Department of Chemistry, Tongji University, Shanghai, China.
PLoS One. 2012;7(11):e48389. doi: 10.1371/journal.pone.0048389. Epub 2012 Nov 7.
Turns are a critical element of the structure of a protein; turns play a crucial role in loops, folds, and interactions. Current prediction methods are well developed for the prediction of individual turn types, including α-turn, β-turn, and γ-turn, etc. However, for further protein structure and function prediction it is necessary to develop a uniform model that can accurately predict all types of turns simultaneously.

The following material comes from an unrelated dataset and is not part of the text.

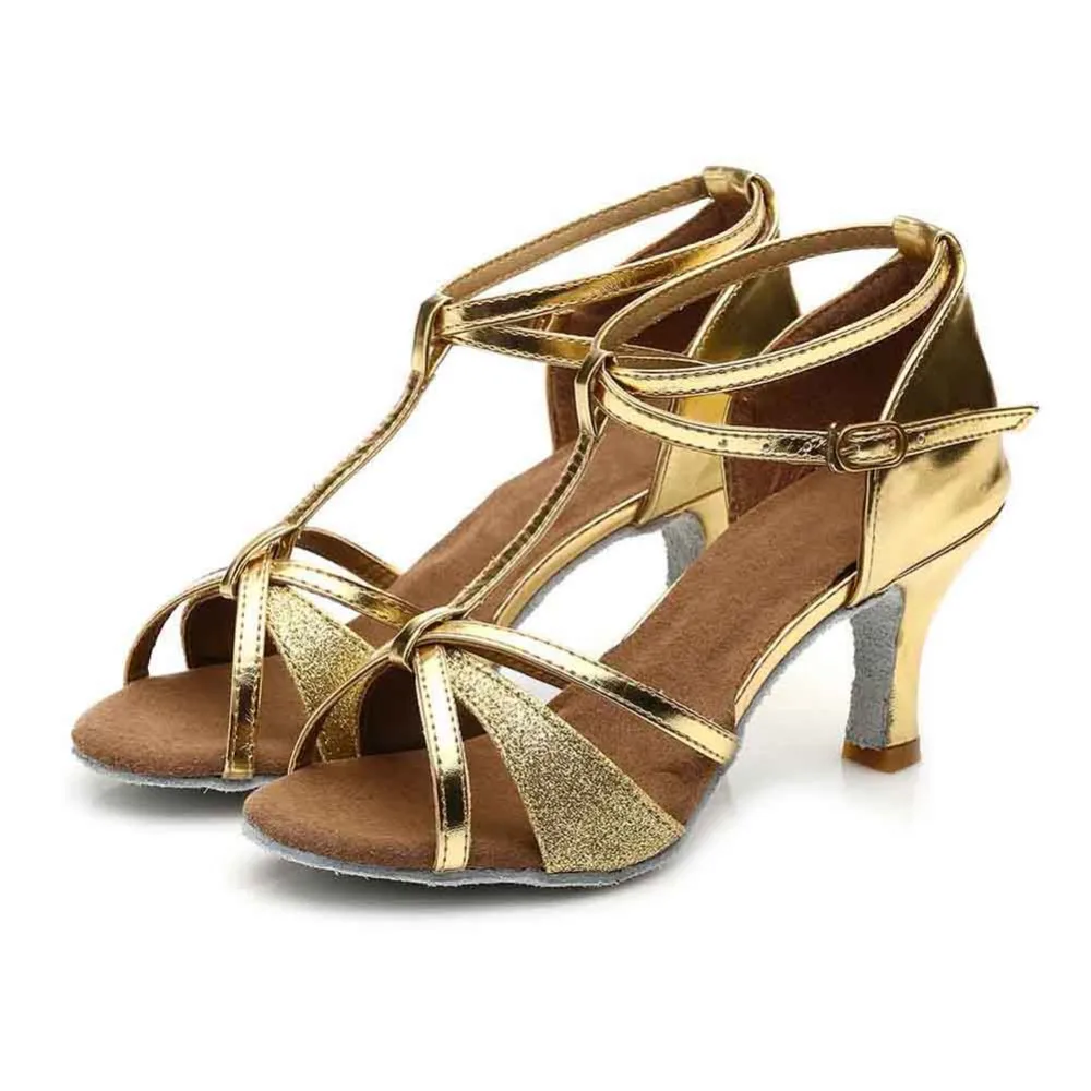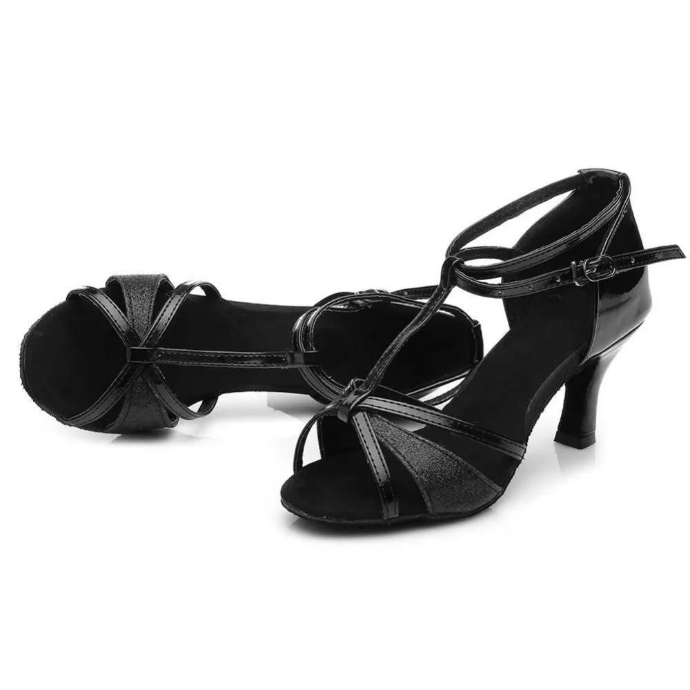 Туфли для бальных танцев для девочек, женские туфли для латиноамериканских танцев, танцев, сальсы, обувь для тренировок, Т-образные шнурки, черные, коричневые, на каблуке 57 см

In this study, we present a novel approach, TurnP, which offers the ability to investigate all the turns in a protein based on a unified model. The main characteristics of TurnP are: (i) using newly exploited features of structural evolution information (secondary structure and shape string of protein) based on structure homologies, (ii) considering all types of turns in a unified model, and (iii) practical capability of accurate prediction of all turns simultaneously for a query. TurnP utilizes predicted secondary structures and predicted shape strings, both of which have greater accuracy, based on innovative technologies which were both developed by our group. Then, sequence and structural evolution features, which are profile of sequence, profile of secondary structures and profile of shape strings are generated by sequence and structure alignment. When TurnP was validated on a non-redundant dataset (4,107 entries) by five-fold cross-validation, we achieved an accuracy of 88.8% and a sensitivity of 71.8%, which exceeded the most state-of-the-art predictors of certain type of turn. Newly determined sequences, the EVA and CASP9 datasets were used as independent tests and the results we achieved were outstanding for turn predictions and confirmed the good performance of TurnP for practical applications.
转折是蛋白质结构的一个关键要素;转折在环、折叠和相互作用中起着至关重要的作用。目前,对于单个转折类型的预测方法已经得到了很好的发展,包括α转折、β转折和γ转折等。然而,为了进一步进行蛋白质结构和功能预测,有必要开发一种能够同时准确预测所有类型转折的统一模型。
在这项研究中,我们提出了一种新的方法 TurnP,它提供了基于统一模型研究蛋白质中所有转折的能力。TurnP 的主要特点是:(i)利用结构同源性基础上的结构进化信息(二级结构和蛋白质形状字符串)的新开发特征,(ii)在统一模型中考虑所有类型的转折,以及(iii)对查询同时准确预测所有转折的实用能力。TurnP 利用了我们小组开发的创新技术预测的更准确的二级结构和预测的形状字符串。然后,通过序列和结构比对生成序列和结构进化特征,包括序列轮廓、二级结构轮廓和形状字符串轮廓。通过五重交叉验证在非冗余数据集(4107 个条目)上验证 TurnP 时,我们达到了 88.8%的准确率和 71.8%的敏感性,超过了某些类型转折的最先进预测器。新确定的序列、EVA 和 CASP9 数据集被用作独立测试,我们在转折预测方面的结果非常出色,证实了 TurnP 对实际应用的良好性能。